News of an additional round-trip Amtrak train between Bakersfield and Oakland is welcome, especially for those who would prefer to take the train rather than put wear and tear on themselves and their cars by driving to and from those destinations.
One nice thing about it is that we can get on the train at our local station, which will get us used to using the train, so that if the day ever comes that the high-speed rail system is completed and running, we will be old hands at rail travel, which will be facilitated by the transfer station we will have in Madera.
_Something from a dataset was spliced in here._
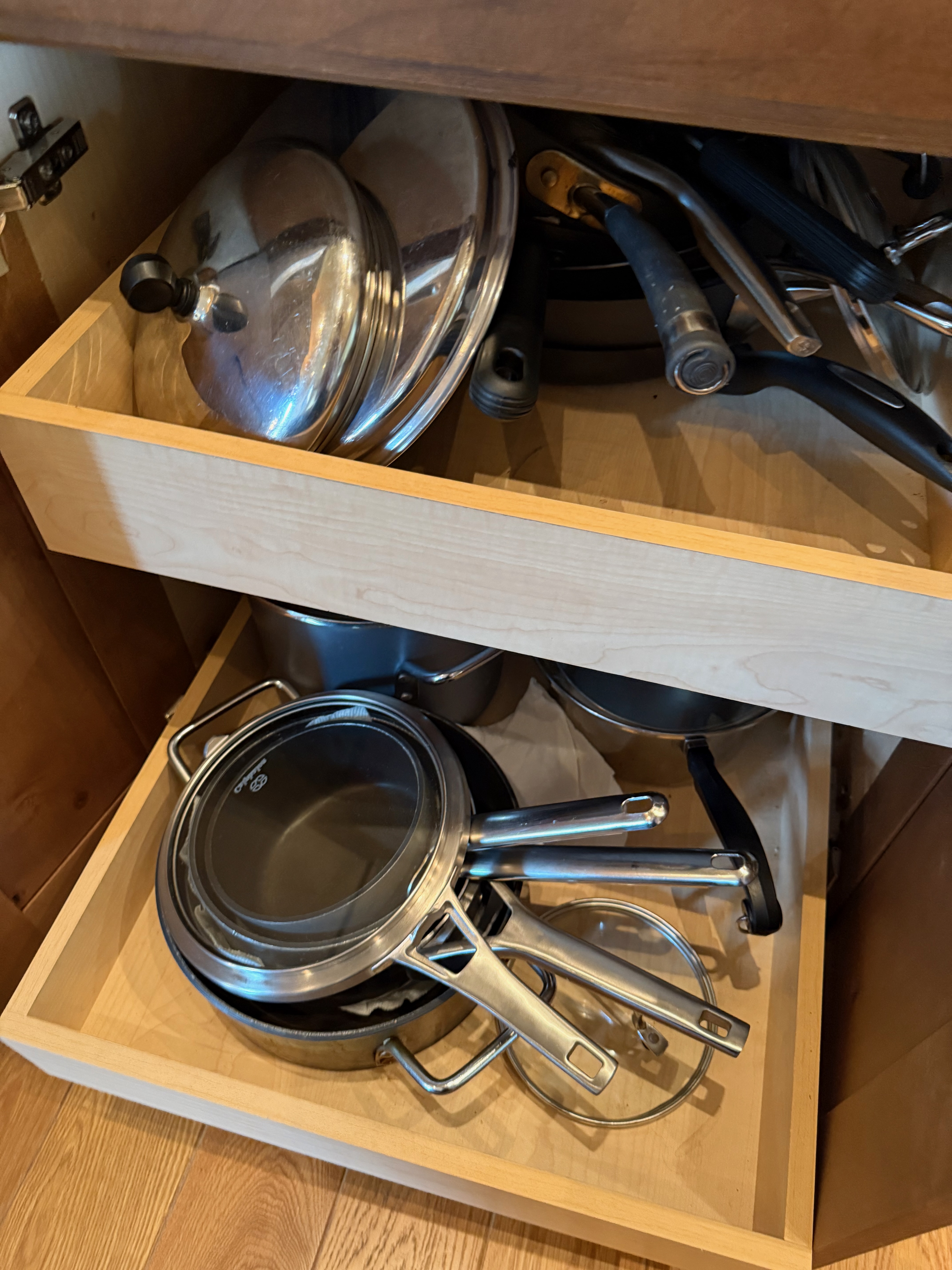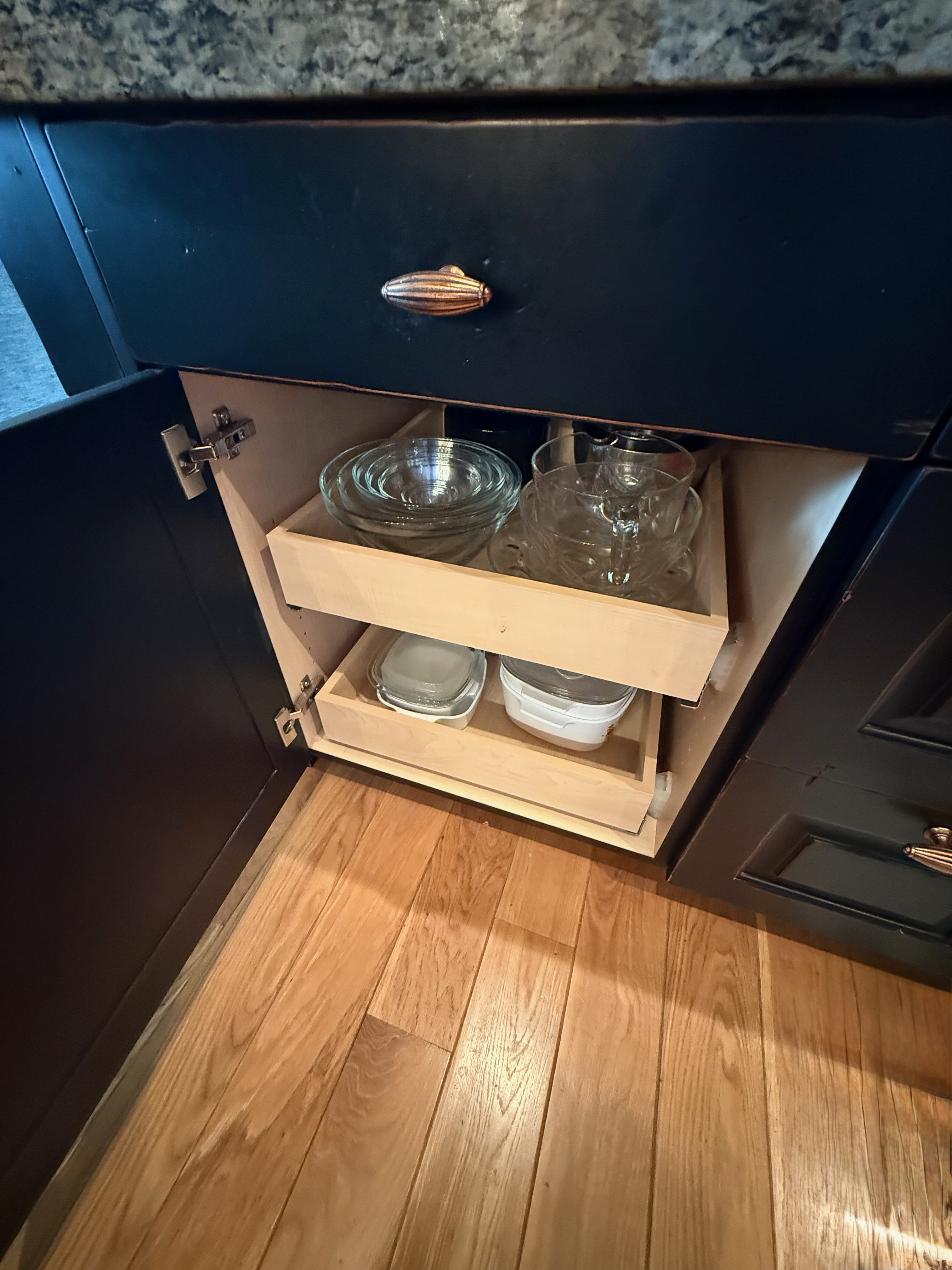 2-One drawer, Two door base cabinets,2 pull-out drawers inside Dim.: 24” w x 34 ½”h/37”h x 24” d

But even if the high-speed rail doesn’t come to pass, the additional train already has, and that’s a good thing.
The Madera Planning Commission on Tuesday of last week approved a plan by the Darin Camarena Health Center to open a clinic on the campus of Madera South High School to provide health-care services to students and residents of the neighborhood.
This seems especially appropriate, since the Darin Camarena Health Center is named after a Madera teenager who died at 17 after years of suffering from hemophilia, and finally AIDS, which he acquired from an infected blood transfusion.
It also seems appropriate that the clinic will offer dental services, since a lot of the parents of the students at Madera South High School may not set a high priority on dental care for their kids because of cost and the need for monitoring dental health schedules and procedures for their children.
The planning commission, however, thumbed its nose at a new model water efficient landscaping ordinance for the City of Madera, which would set up rules for landscaping in new homes, new swimming pool construction, and renovated landscaping of 500 square feet or more.
Natural grass and lawns would be very limited, the commissioners were told; only 25 percent of total landscape area could be grass.
Planted beds of drought-tolerant shrubs and flowers must achieve 50 percent coverage of a yard at maturity, and no bare dirt areas would be allowed in publicly visible areas. And, no areas of bare dirt would be allowed in publicly visible areas.
The commissioners weren’t happy over the strict regulations, and wondered why Madera had to become a city of desert-scapes.
“We just don’t have the water,” they were told.
Besides, the ordinance is based on state requirements. The City Council has yet to vote on it.